__TASK ITEM__.
Each entry in this listing needs to be written out again, word for word.

__EXCERPTED RECORDS__.
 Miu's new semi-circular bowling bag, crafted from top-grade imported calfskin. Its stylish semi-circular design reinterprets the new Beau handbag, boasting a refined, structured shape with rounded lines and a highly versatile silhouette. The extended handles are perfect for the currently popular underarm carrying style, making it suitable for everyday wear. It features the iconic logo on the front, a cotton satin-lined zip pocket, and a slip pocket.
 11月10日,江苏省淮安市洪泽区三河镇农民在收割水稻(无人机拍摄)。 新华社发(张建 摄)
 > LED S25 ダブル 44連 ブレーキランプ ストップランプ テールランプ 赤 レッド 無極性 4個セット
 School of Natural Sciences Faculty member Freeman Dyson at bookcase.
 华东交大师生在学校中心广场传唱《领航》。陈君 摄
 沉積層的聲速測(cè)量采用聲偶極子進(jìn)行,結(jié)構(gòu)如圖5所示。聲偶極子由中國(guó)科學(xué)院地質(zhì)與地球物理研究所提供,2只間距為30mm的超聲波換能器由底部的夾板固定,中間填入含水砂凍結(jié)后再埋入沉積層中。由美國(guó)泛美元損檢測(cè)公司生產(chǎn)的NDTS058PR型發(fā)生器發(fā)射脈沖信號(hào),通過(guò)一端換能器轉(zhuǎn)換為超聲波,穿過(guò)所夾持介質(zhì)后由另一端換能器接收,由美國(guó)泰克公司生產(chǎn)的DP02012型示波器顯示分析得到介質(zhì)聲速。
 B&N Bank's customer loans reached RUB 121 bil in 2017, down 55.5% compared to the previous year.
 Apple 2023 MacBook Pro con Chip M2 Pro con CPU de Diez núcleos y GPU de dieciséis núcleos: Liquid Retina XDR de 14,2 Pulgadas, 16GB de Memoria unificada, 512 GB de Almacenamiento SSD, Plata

__EXPECTED ANSWER__.
 Miu's new semi-circular bowling bag, crafted from top-grade imported calfskin. Its stylish semi-circular design reinterprets the new Beau handbag, boasting a refined, structured shape with rounded lines and a highly versatile silhouette. The extended handles are perfect for the currently popular underarm carrying style, making it suitable for everyday wear. It features the iconic logo on the front, a cotton satin-lined zip pocket, and a slip pocket.
 11月10日,江苏省淮安市洪泽区三河镇农民在收割水稻(无人机拍摄)。 新华社发(张建 摄)
 > LED S25 ダブル 44連 ブレーキランプ ストップランプ テールランプ 赤 レッド 無極性 4個セット
 School of Natural Sciences Faculty member Freeman Dyson at bookcase.
 华东交大师生在学校中心广场传唱《领航》。陈君 摄
 沉積層的聲速測(cè)量采用聲偶極子進(jìn)行,結(jié)構(gòu)如圖5所示。聲偶極子由中國(guó)科學(xué)院地質(zhì)與地球物理研究所提供,2只間距為30mm的超聲波換能器由底部的夾板固定,中間填入含水砂凍結(jié)后再埋入沉積層中。由美國(guó)泛美元損檢測(cè)公司生產(chǎn)的NDTS058PR型發(fā)生器發(fā)射脈沖信號(hào),通過(guò)一端換能器轉(zhuǎn)換為超聲波,穿過(guò)所夾持介質(zhì)后由另一端換能器接收,由美國(guó)泰克公司生產(chǎn)的DP02012型示波器顯示分析得到介質(zhì)聲速。
 B&N Bank's customer loans reached RUB 121 bil in 2017, down 55.5% compared to the previous year.
 Apple 2023 MacBook Pro con Chip M2 Pro con CPU de Diez núcleos y GPU de dieciséis núcleos: Liquid Retina XDR de 14,2 Pulgadas, 16GB de Memoria unificada, 512 GB de Almacenamiento SSD, Plata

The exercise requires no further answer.